**WORK REQUIRED**
Write out everything in the records exactly, apart from the pictures.

**THE DATA**
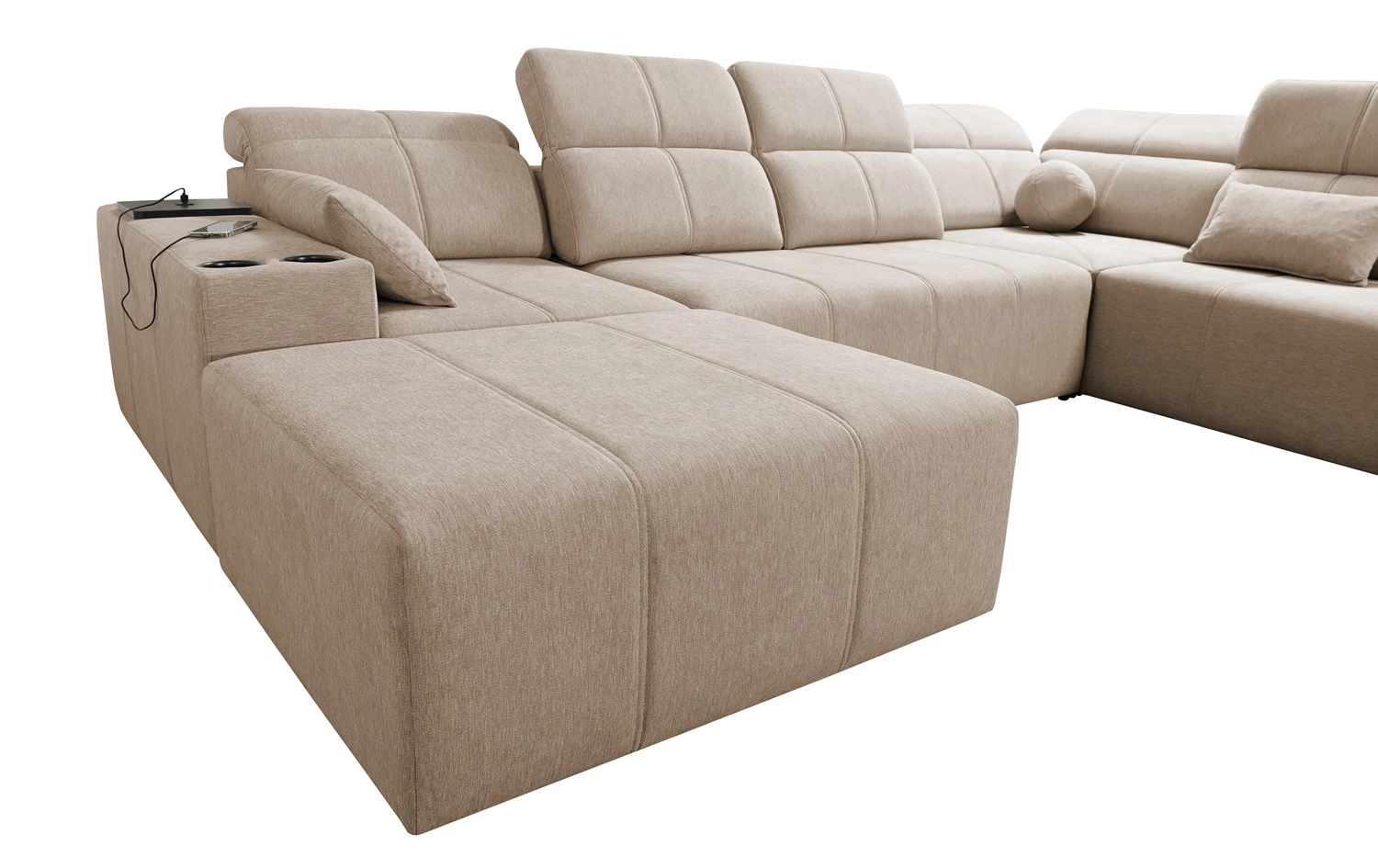 Die USB-Ladebuchse, die Getränkehalter, die verstellbaren Rückenlehnen zur Anpassung der Sitztiefe und die zwei Bettzeugbehälter sind Zubehörteile dieses Möbels, die alle Benutzer schätzen werden.
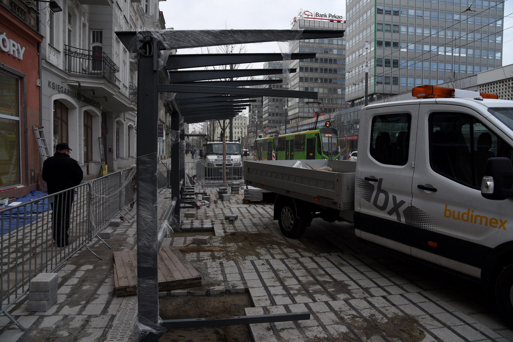 Trwa montaż wiaty nowego przystanku tramwajowego. Nowy przystanek będzie nosić nazwę "Ratajczaka", bowiem zlokalizowany będzie tuż przed skrzyżowaniem ulic Św. Marcin i Ratajczaka. Mniej więcej w tym miejscu pasażerowie mieli kiedyś możliwość wsiadania i wysiadania z tramwaju, ale przystanek ten został zlikwidowany w latach 70. Ten nowo wybudowany będzie typu wiedeńskiego. Będzie można z niego korzystać po zakończeniu odbiorów, czyli prawdopodobnie jeszcze w marcu. W przyszłości, po wybudowaniu trasy tramwajowej wzdłuż ul. Ratajczaka, będzie można na nim wsiąść w tramwaj jadący na Wildę i Dębiec, co znacząco skróci czas dojazdu na południe Poznania.
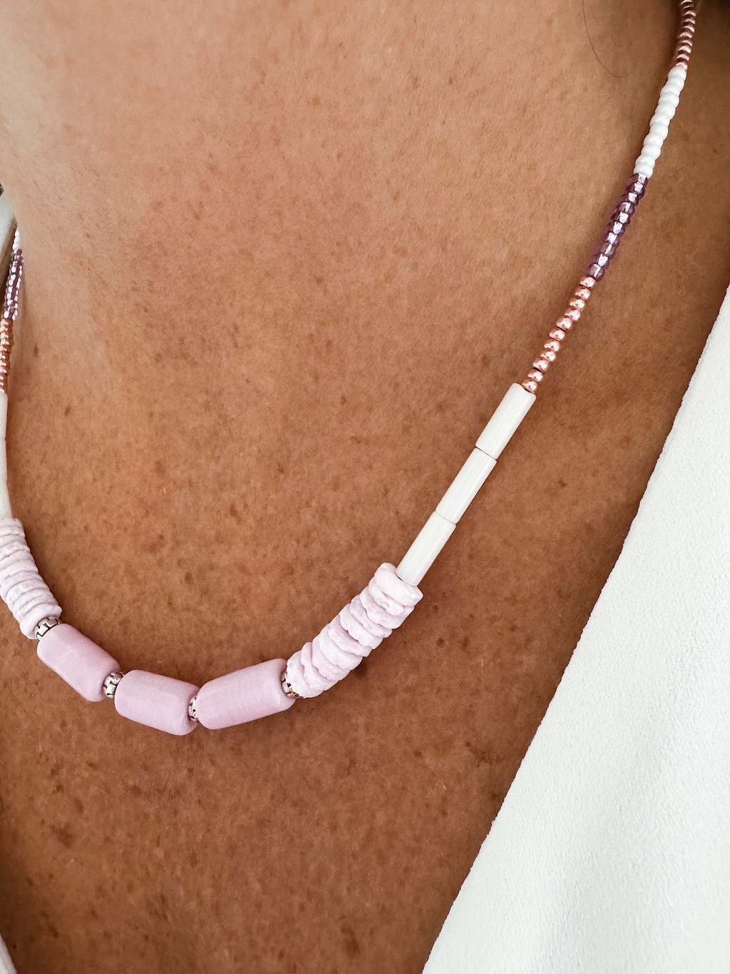Material: collar cort hecho con mostacillas checas, tubos de cerámica pintados y cadena de aluminio.
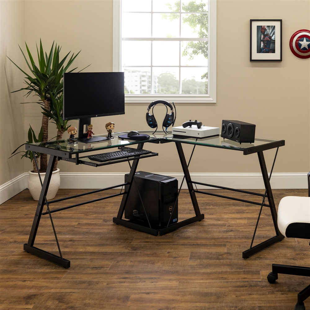 Walker Edison 51英寸L型钢化玻璃电脑桌/办公桌特卖+包邮!
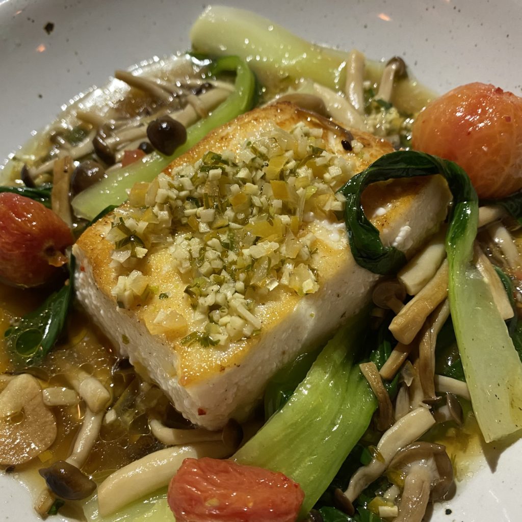 My Wild Halibut in an Asian broth with mushrooms and bok choy was superb ($48).
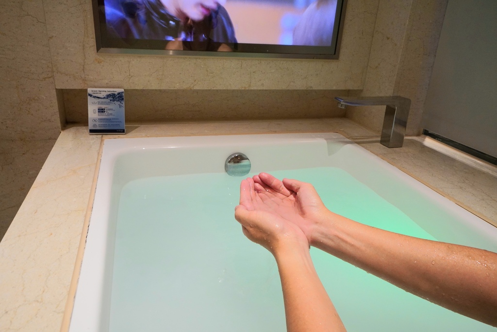 天閣酒店劍潭館的浴室小金很滿意~哈哈!裡頭有獨立的電視可以看而且是超大的浴缸耶,還設置了起泡泡的設備在裡頭所以當天小金自個兒就到藥妝電買了入浴鹽回來泡澡了。
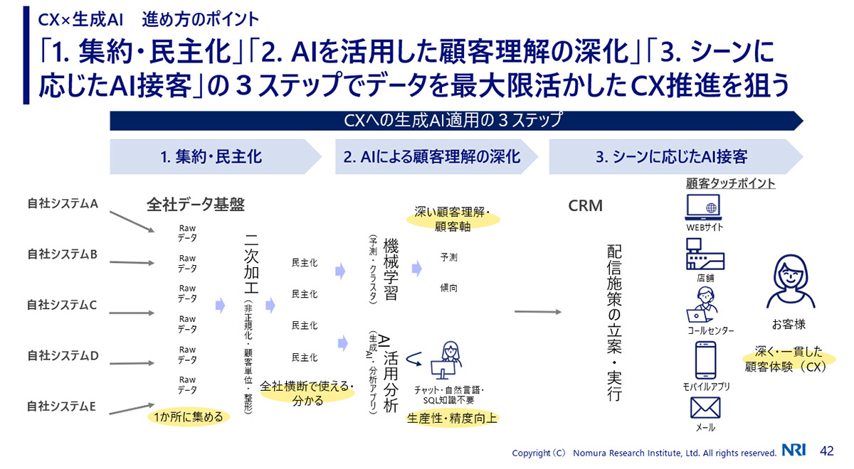• 3.基盤をつなぐ:顧客IDやデータを統合し、AIが顧客のコンテキストを正しく理解できる環境(AI Readyなデータ基盤)を作る。
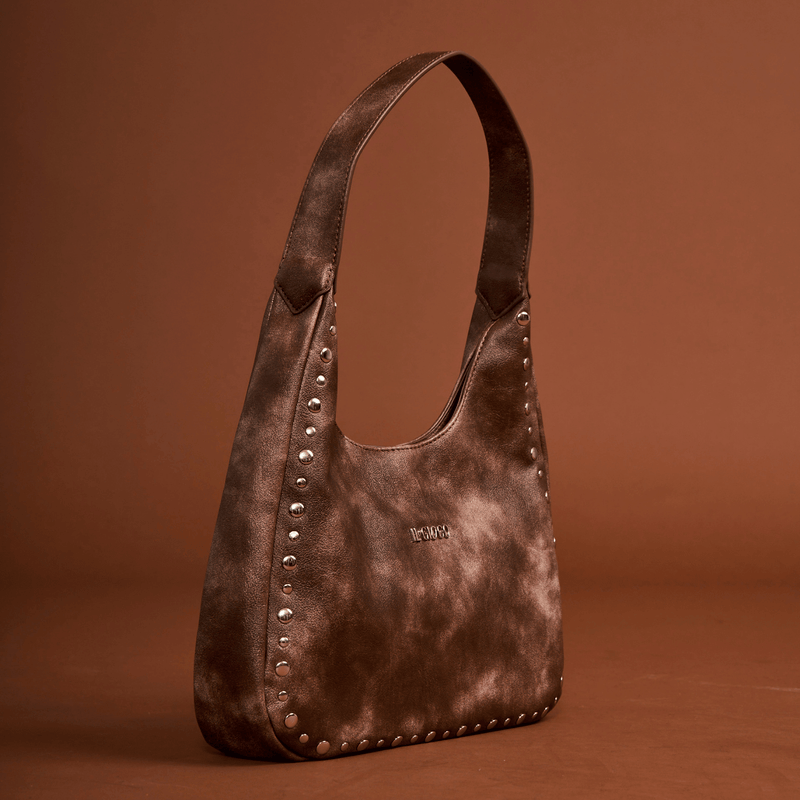 Un accesorio versátil con toda la actitud. Su acabado café envejecido y los detalles metálicos crean un vibe retro único que roba miradas. Perfecta para elevar tu look diario, sumando estilo y mucha personalidad a cada outfit. ✨🤎
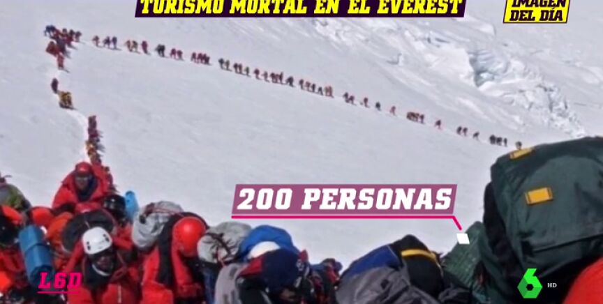 La última 'moda' en el alpinismo es la de coronar el Everest. Tanto es así que se ha producido una imagen muy comentada, la de cientos de personas aglomerándose en la cima, haciendo cola, para coronar la montaña más alta del planeta.
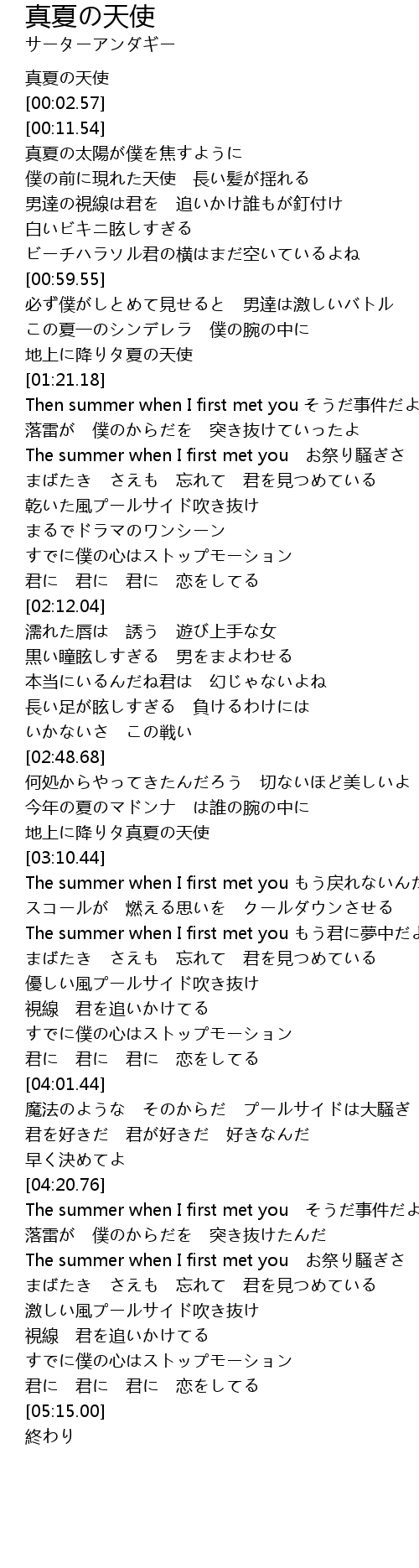 | [03:04.47] | 地上に降りタ真夏の天使 |
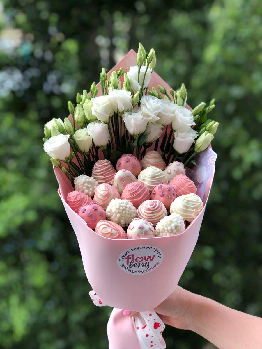 !Возможна замена на белую кустовую розу, если эустомы не будет в наличии.
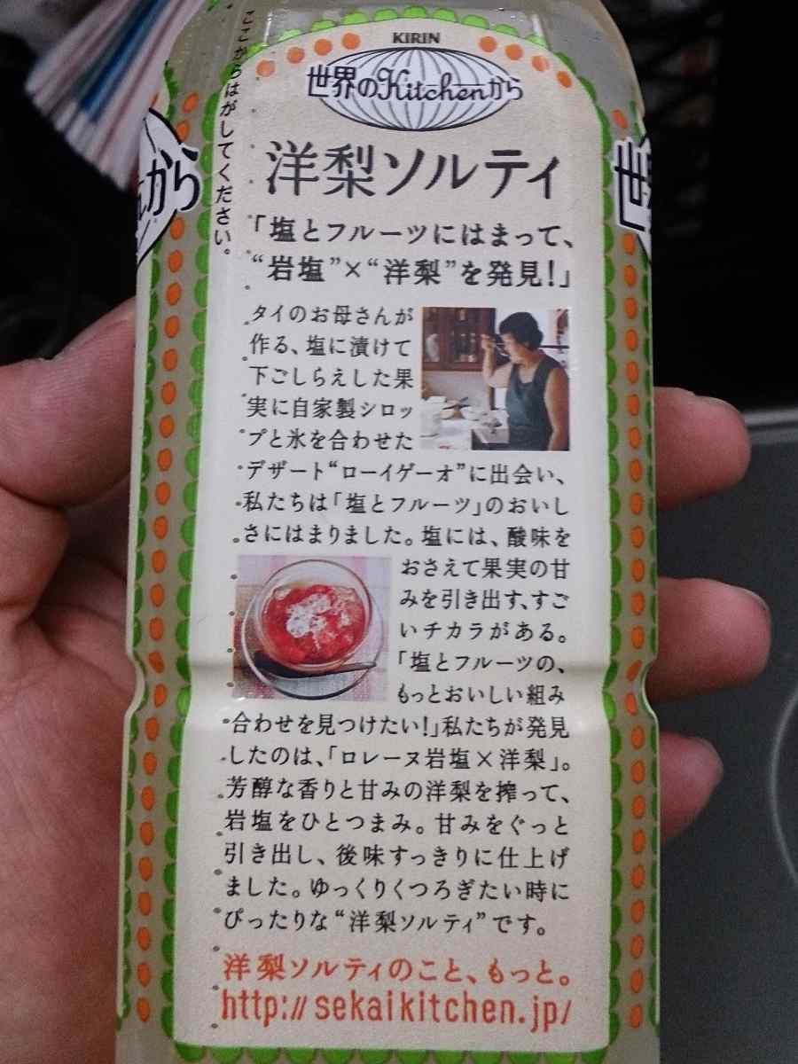 今日の飲み物は、キリンビバレッジ株式会社発売の世界のキッチンから塩とフルーツロレーヌ岩塩ひとつまみ洋梨ソルティ
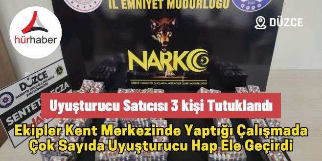 Düzce’de narkotik suçlarla mücadele ekiplerinin Cumhuriyet Başsavcılığı koordinesinde yaptığı çalışmada gençleri zehirleyecek 3 uyuşturucu satıcısı tutuklandı. Şahıslarla birlikte çok sayıda uyuşturucu hap ele geçirildi.Düzce’de uyuşturucu madde satıcılarına ve kullanımına yönelik operasyonlar devam ediyor.
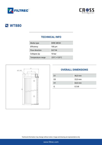 Filtrec WT880 Replaces the FilterFinder FF215857B
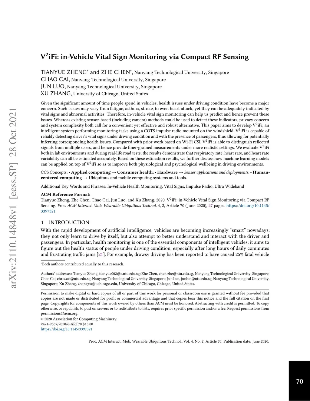 V2iFi: in-Vehicle Vital Sign Monitoring via Compact RF Sensing
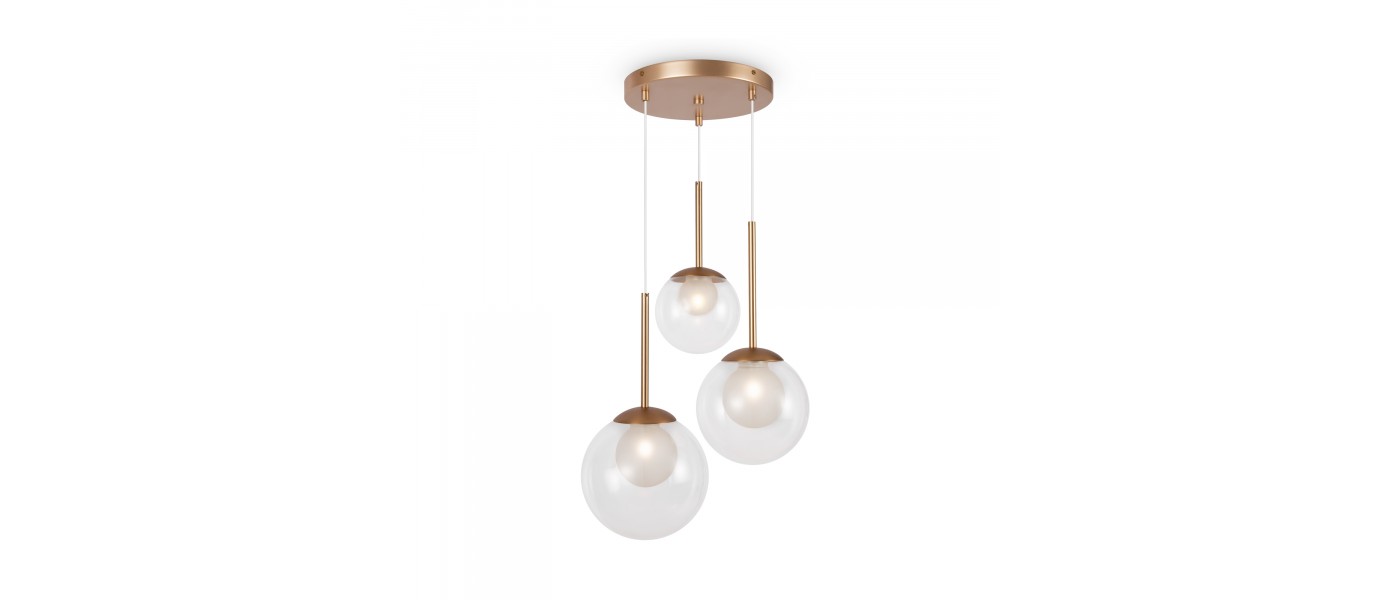 Материал арматуры – металл, цвет - золото, белый, черный. Округлые плафоны из матового белого стекла. Универсальные формы, минималистичный дизайн. Цоколь - E14. Лампы не входят в комплект. Регулируемая высота подвесных светильников...
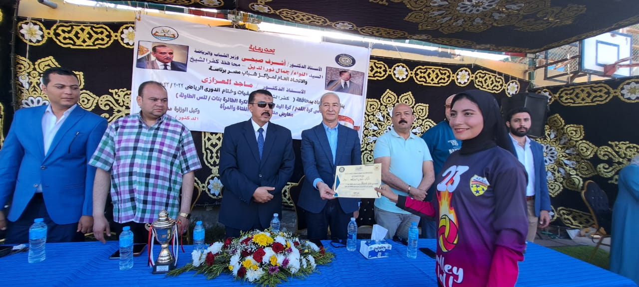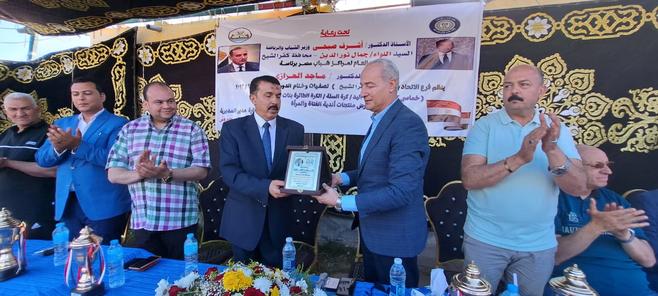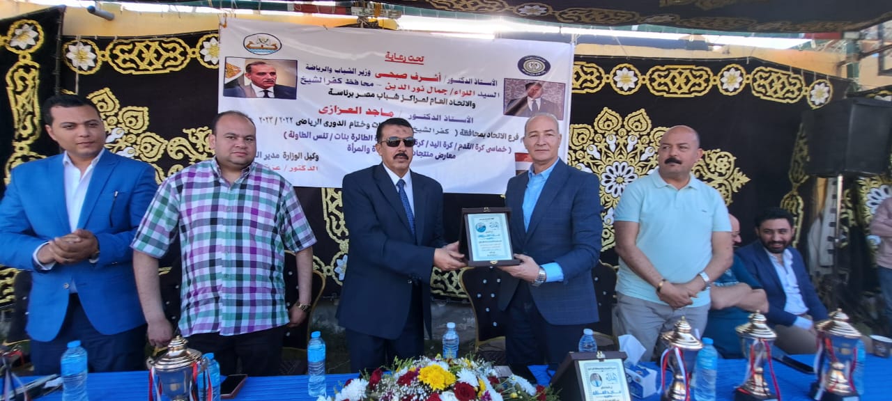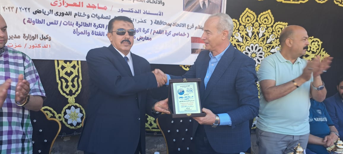 كما أهدى “محروس” درع مديرية الشباب والرياضة إلى رئيس الاتحاد العام لمراكز شباب مصر قبيل إعلان نتائج الفرق الفائزة في ختام الدوري، الذي اختتم برعاية الدكتور أشرف صبحي وزير الشباب والرياضة واللواء جمال نور الدين محافظ كفر الشيخ.

**ANSWER BOX**
 Die USB-Ladebuchse, die Getränkehalter, die verstellbaren Rückenlehnen zur Anpassung der Sitztiefe und die zwei Bettzeugbehälter sind Zubehörteile dieses Möbels, die alle Benutzer schätzen werden.
 Trwa montaż wiaty nowego przystanku tramwajowego. Nowy przystanek będzie nosić nazwę "Ratajczaka", bowiem zlokalizowany będzie tuż przed skrzyżowaniem ulic Św. Marcin i Ratajczaka. Mniej więcej w tym miejscu pasażerowie mieli kiedyś możliwość wsiadania i wysiadania z tramwaju, ale przystanek ten został zlikwidowany w latach 70. Ten nowo wybudowany będzie typu wiedeńskiego. Będzie można z niego korzystać po zakończeniu odbiorów, czyli prawdopodobnie jeszcze w marcu. W przyszłości, po wybudowaniu trasy tramwajowej wzdłuż ul. Ratajczaka, będzie można na nim wsiąść w tramwaj jadący na Wildę i Dębiec, co znacząco skróci czas dojazdu na południe Poznania.
Material: collar cort hecho con mostacillas checas, tubos de cerámica pintados y cadena de aluminio.
 Walker Edison 51英寸L型钢化玻璃电脑桌/办公桌特卖+包邮!
 My Wild Halibut in an Asian broth with mushrooms and bok choy was superb ($48).
 天閣酒店劍潭館的浴室小金很滿意~哈哈!裡頭有獨立的電視可以看而且是超大的浴缸耶,還設置了起泡泡的設備在裡頭所以當天小金自個兒就到藥妝電買了入浴鹽回來泡澡了。
• 3.基盤をつなぐ:顧客IDやデータを統合し、AIが顧客のコンテキストを正しく理解できる環境(AI Readyなデータ基盤)を作る。
 Un accesorio versátil con toda la actitud. Su acabado café envejecido y los detalles metálicos crean un vibe retro único que roba miradas. Perfecta para elevar tu look diario, sumando estilo y mucha personalidad a cada outfit. ✨🤎
 La última 'moda' en el alpinismo es la de coronar el Everest. Tanto es así que se ha producido una imagen muy comentada, la de cientos de personas aglomerándose en la cima, haciendo cola, para coronar la montaña más alta del planeta.
 | [03:04.47] | 地上に降りタ真夏の天使 |
 !Возможна замена на белую кустовую розу, если эустомы не будет в наличии.
 今日の飲み物は、キリンビバレッジ株式会社発売の世界のキッチンから塩とフルーツロレーヌ岩塩ひとつまみ洋梨ソルティ
 Düzce’de narkotik suçlarla mücadele ekiplerinin Cumhuriyet Başsavcılığı koordinesinde yaptığı çalışmada gençleri zehirleyecek 3 uyuşturucu satıcısı tutuklandı. Şahıslarla birlikte çok sayıda uyuşturucu hap ele geçirildi.Düzce’de uyuşturucu madde satıcılarına ve kullanımına yönelik operasyonlar devam ediyor.
 Filtrec WT880 Replaces the FilterFinder FF215857B
 V2iFi: in-Vehicle Vital Sign Monitoring via Compact RF Sensing
 Материал арматуры – металл, цвет - золото, белый, черный. Округлые плафоны из матового белого стекла. Универсальные формы, минималистичный дизайн. Цоколь - E14. Лампы не входят в комплект. Регулируемая высота подвесных светильников...
 كما أهدى “محروس” درع مديرية الشباب والرياضة إلى رئيس الاتحاد العام لمراكز شباب مصر قبيل إعلان نتائج الفرق الفائزة في ختام الدوري، الذي اختتم برعاية الدكتور أشرف صبحي وزير الشباب والرياضة واللواء جمال نور الدين محافظ كفر الشيخ.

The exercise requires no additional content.